■ **Task brief**:
Copy word for word the lines of the records below, beginning at the one with "Zamontowane 3 dodatkowe" and finishing at the one with "Arriving at the top of the cliffs on Bawhelp", ends included, but none of the pictures.

■ **Extracted entries**:

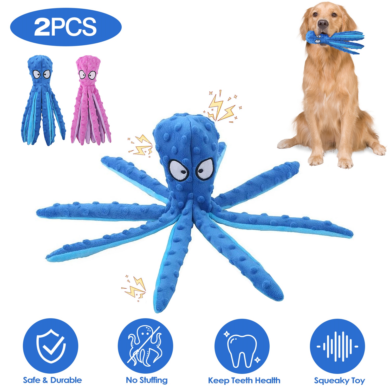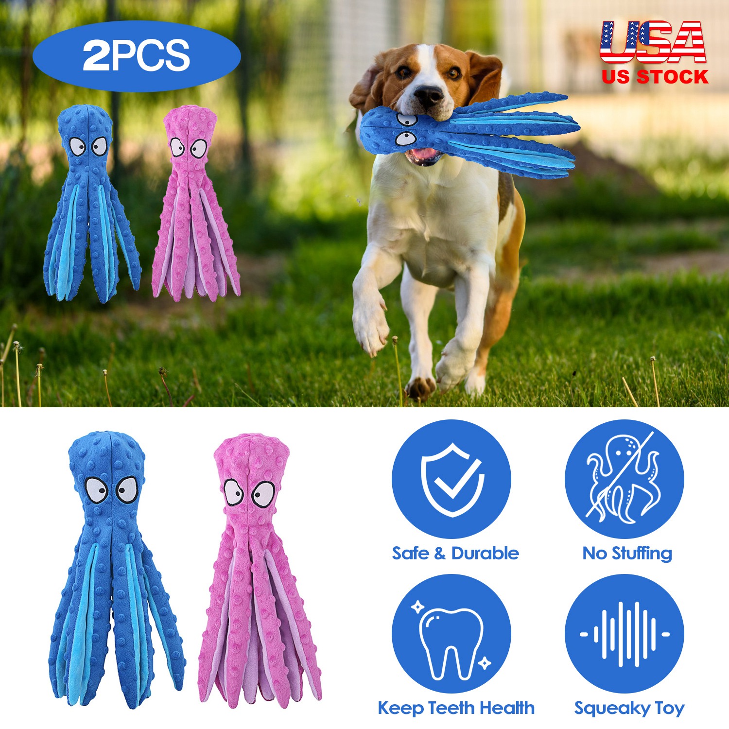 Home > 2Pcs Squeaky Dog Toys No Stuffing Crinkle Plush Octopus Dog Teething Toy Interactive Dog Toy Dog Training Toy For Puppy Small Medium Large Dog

---

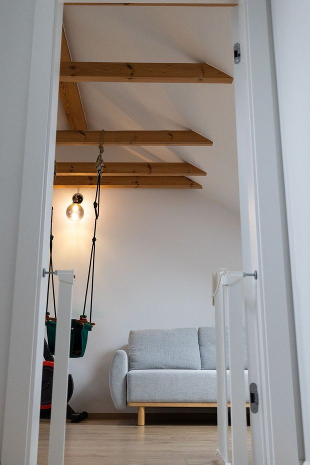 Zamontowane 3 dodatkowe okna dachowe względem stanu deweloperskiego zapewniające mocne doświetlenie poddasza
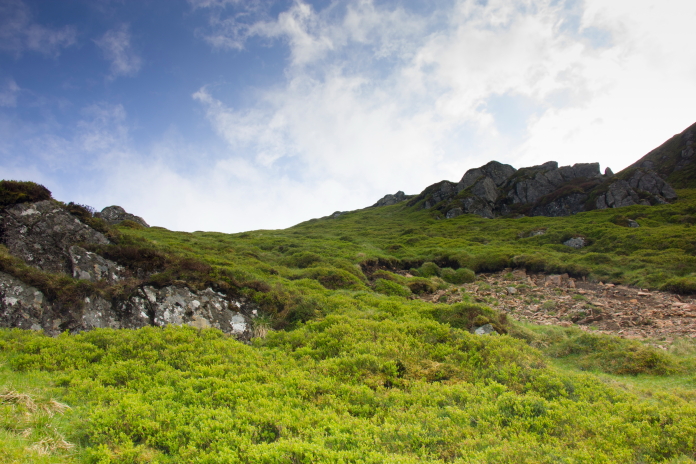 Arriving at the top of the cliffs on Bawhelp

■ **Answer box**:
 Zamontowane 3 dodatkowe okna dachowe względem stanu deweloperskiego zapewniające mocne doświetlenie poddasza
 Arriving at the top of the cliffs on Bawhelp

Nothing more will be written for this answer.